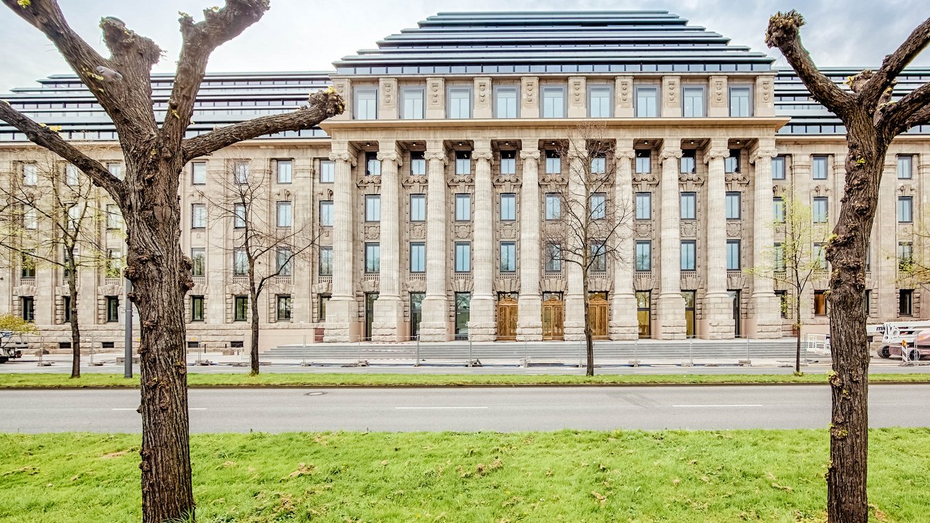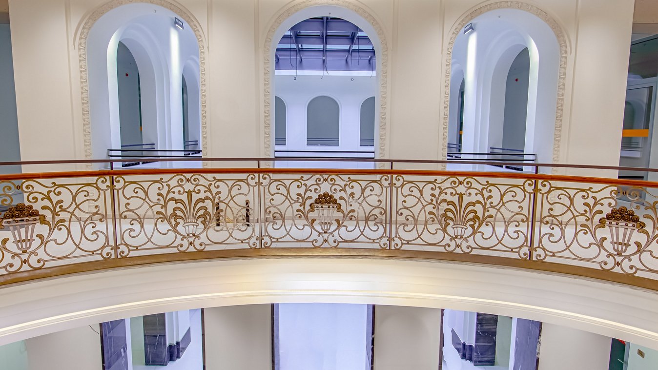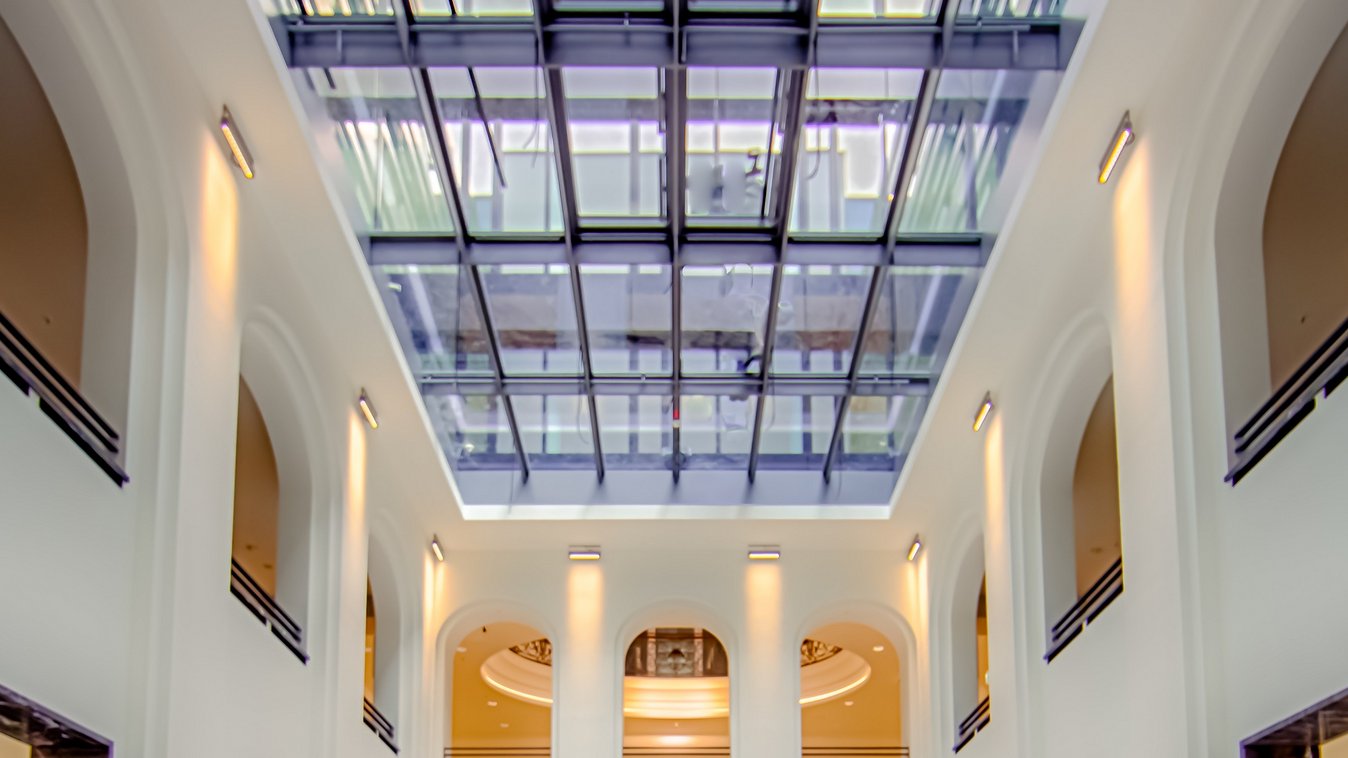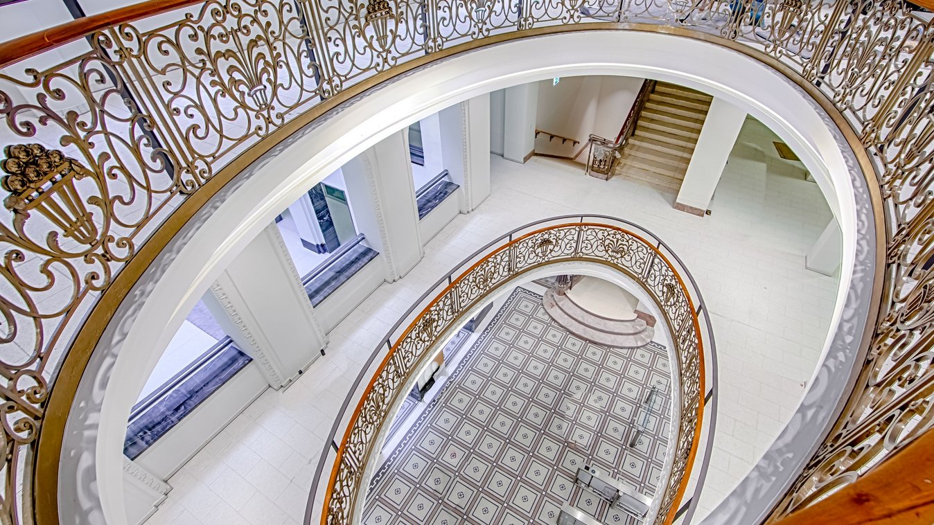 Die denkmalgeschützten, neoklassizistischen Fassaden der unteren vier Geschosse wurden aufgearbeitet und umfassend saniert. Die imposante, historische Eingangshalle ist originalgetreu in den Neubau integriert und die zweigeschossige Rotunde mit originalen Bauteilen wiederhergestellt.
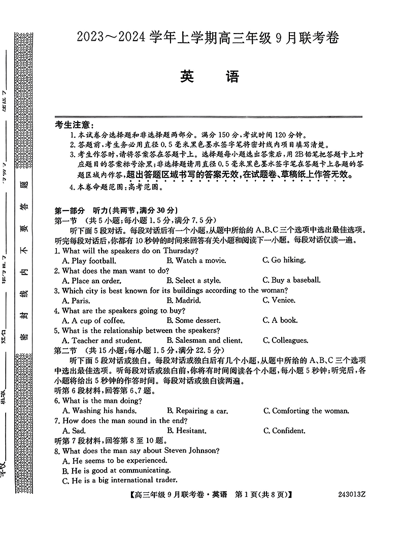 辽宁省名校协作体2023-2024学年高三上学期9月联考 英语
=====
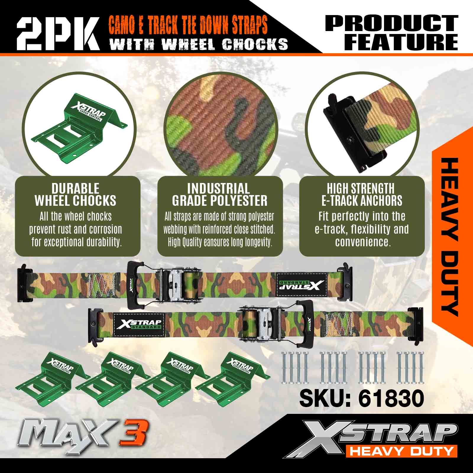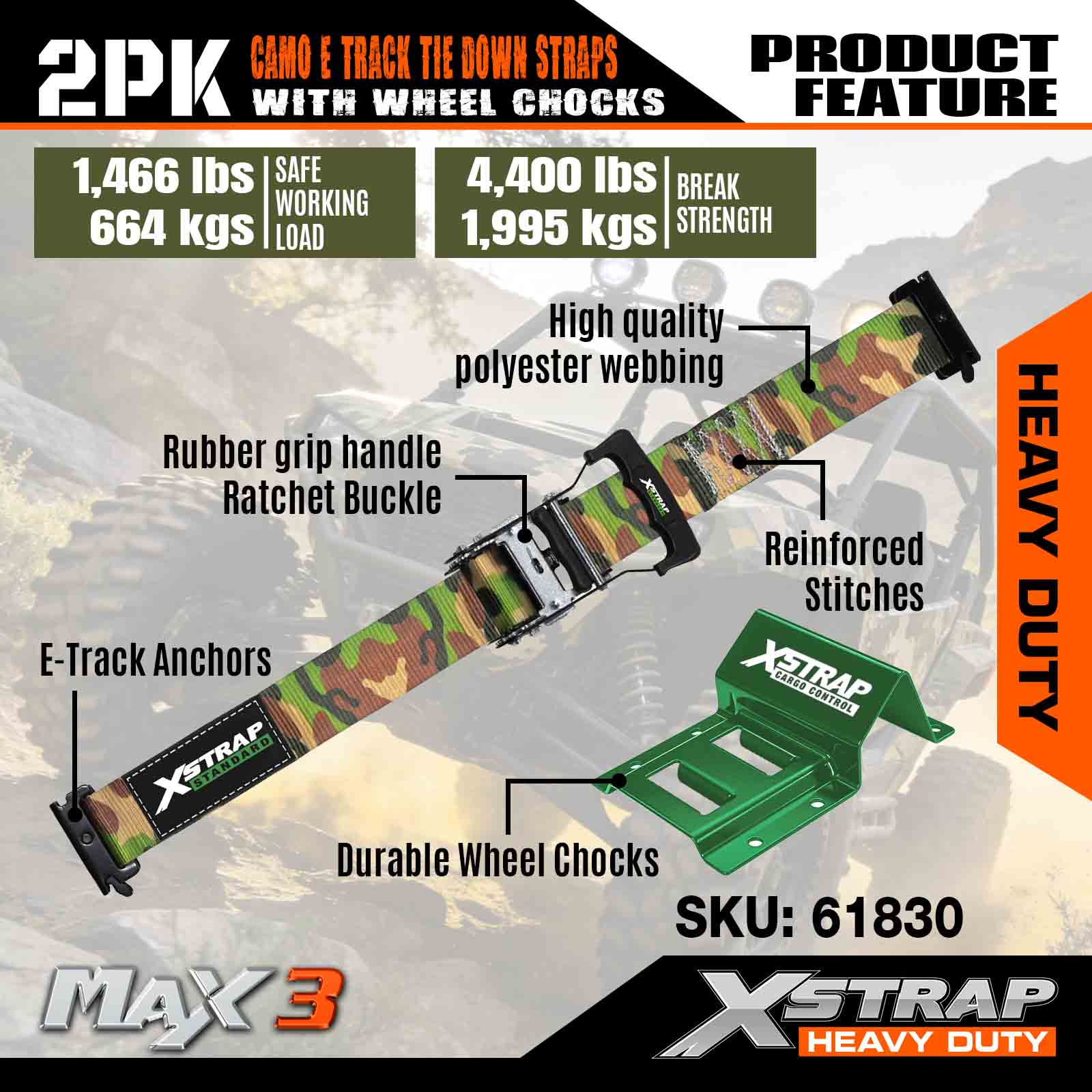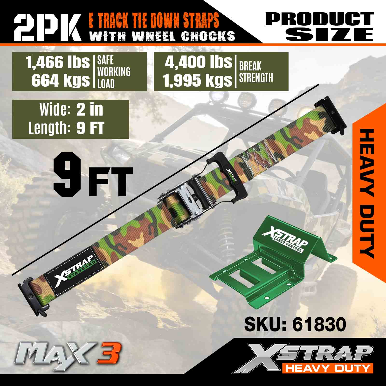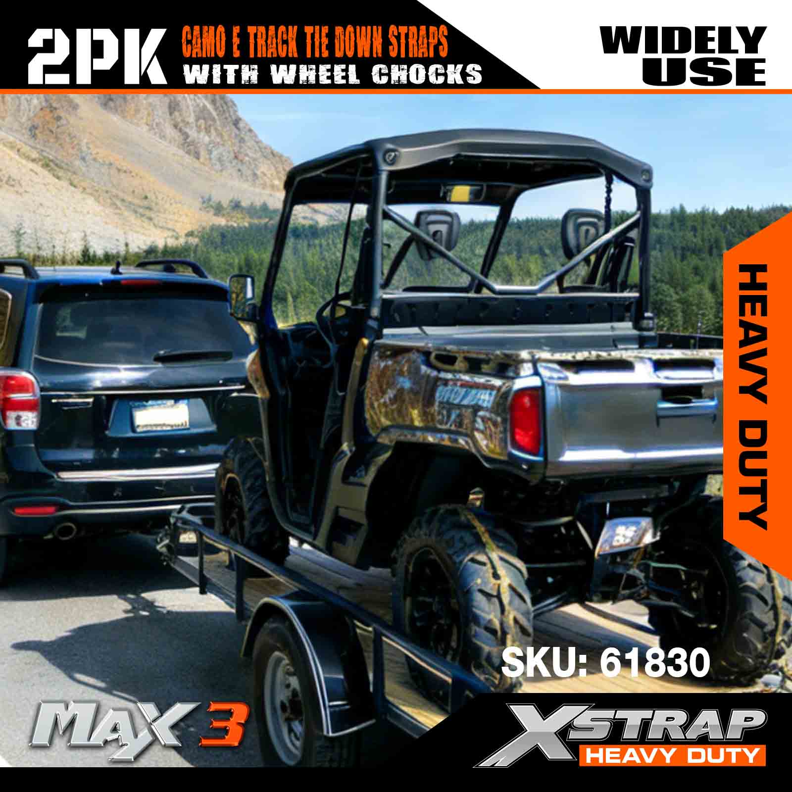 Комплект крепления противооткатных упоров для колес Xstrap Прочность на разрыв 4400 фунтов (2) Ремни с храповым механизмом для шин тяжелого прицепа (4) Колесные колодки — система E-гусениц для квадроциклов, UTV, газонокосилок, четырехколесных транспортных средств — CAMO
=====
Using the data above, transcribe exactly the lines between those containing "Die denkmalgeschützten, neoklassizistischen" and "辽宁省名校协作体2023-2024学年高三上学期9月联考 英语", inclusive, and leave every picture behind.

 Die denkmalgeschützten, neoklassizistischen Fassaden der unteren vier Geschosse wurden aufgearbeitet und umfassend saniert. Die imposante, historische Eingangshalle ist originalgetreu in den Neubau integriert und die zweigeschossige Rotunde mit originalen Bauteilen wiederhergestellt.
 辽宁省名校协作体2023-2024学年高三上学期9月联考 英语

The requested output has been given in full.